- Coordinates: 6°01′22″N 101°58′30″E﻿ / ﻿6.0227°N 101.9749°E
- Carries: Motor vehicles
- Crosses: Kolok River, Malaysia-Thailand Border
- Locale: Rantau Panjang, Kelantan
- Official name: Rantau Panjang–Sungai Golok Bridge

Characteristics
- Design: Box girder bridge
- Total length: 109.73 m (360 ft)
- Width: 11.58 m (38 ft)
- Longest span: 30.48 m (100 ft), each of 3 spans

History
- Constructed by: Chang Loon Construction Co., Ltd and Jabatan Kerja Raya (JKR)
- Opened: 21 May 1973

Location
- Interactive map of Rantau Panjang–Sungai Golok Bridge

= Rantau Panjang–Sungai Golok Bridge =

Rantau Panjang–Sungai Golok Bridge (Jambatan Rantau Panjang–Sungai Golok, สะพานโก–ลก), popularly called the "Harmony Bridge" (Jambatan Muhibah), is a road bridge crossing Kolok River (Sungai Golok) of the Malaysia–Thailand border, connecting Rantau Panjang town in Kelantan, Malaysia, with Su-ngai Kolok town in Narathiwat, Narathiwat Province, Thailand.
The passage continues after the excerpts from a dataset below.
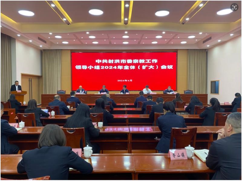 4月10日,射洪市召开市委宗教工作领导小组2024年全体(扩大)会议,市委副书记,市委宗教工作领导小组组长陈文出席会议并讲话,市委常委、统战部部长,市委宗教工作领导小组副组长荣泽黎主持会议。
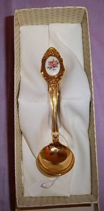 A LOVELY BOXED 24CARAT GOLD PLATED EETRITE SUGAR SPOON. PINK ROSE MOTIVE ON PORCELAIN PIECE. VERY GOOD CONDITION, ALMOST AS NEW.
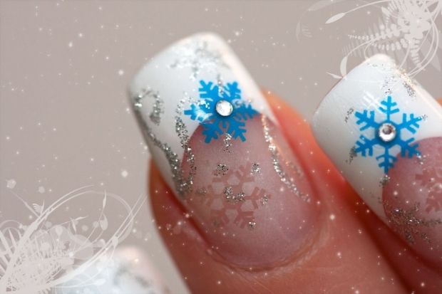 Чтобы маникюр выглядел еще более эффектно, можно в середину каждой нарисованной снежинки наклеить по маленькому стразу.

It spans to the south of the cross-border railway bridge Harmony-Bridge nearby. The bridge is a part of Asian highway network AH18, including Thailand Route 4056 and Federal Route 3. It was built by the governments of both countries, and was officially opened on 21 May 1973 by both Malaysian Prime Minister Tun Abdul Razak bin Haji Dato' Hussein Al-Haj and Thai Prime Minister Field Marshal Thanom Kittikachorn.

== Design ==
The bridge is a beam bridge with box girders. The main part includes three spans, using prestressed concrete, with each length of 30.48 metres (100 ft). Each end is connected to a ferroconcrete span, with length of 9.14 m (30 ft). It is overall 109.73 m (360 ft) long, with 7.32 m (24 ft) wide road surface and 2.13 m (7 ft) wide walkway each side.

== Construction ==
Construction was done by Chang Loon Construction Co., Ltd., a Malaysian contractor which won the bidding-held meanwhile in both countries on 25 September 1970. The ask price was M$630,000 or 4,500,000 baht. A contract was signed on 16 December 1970. Both governments paid half each. Since the construction was finished on 20 March 1973, after the deadline of 15 June 1972, the company had to pay overtime penalty M$200 or 1,400 baht a day, totalling M$36,000 or 252,000 baht.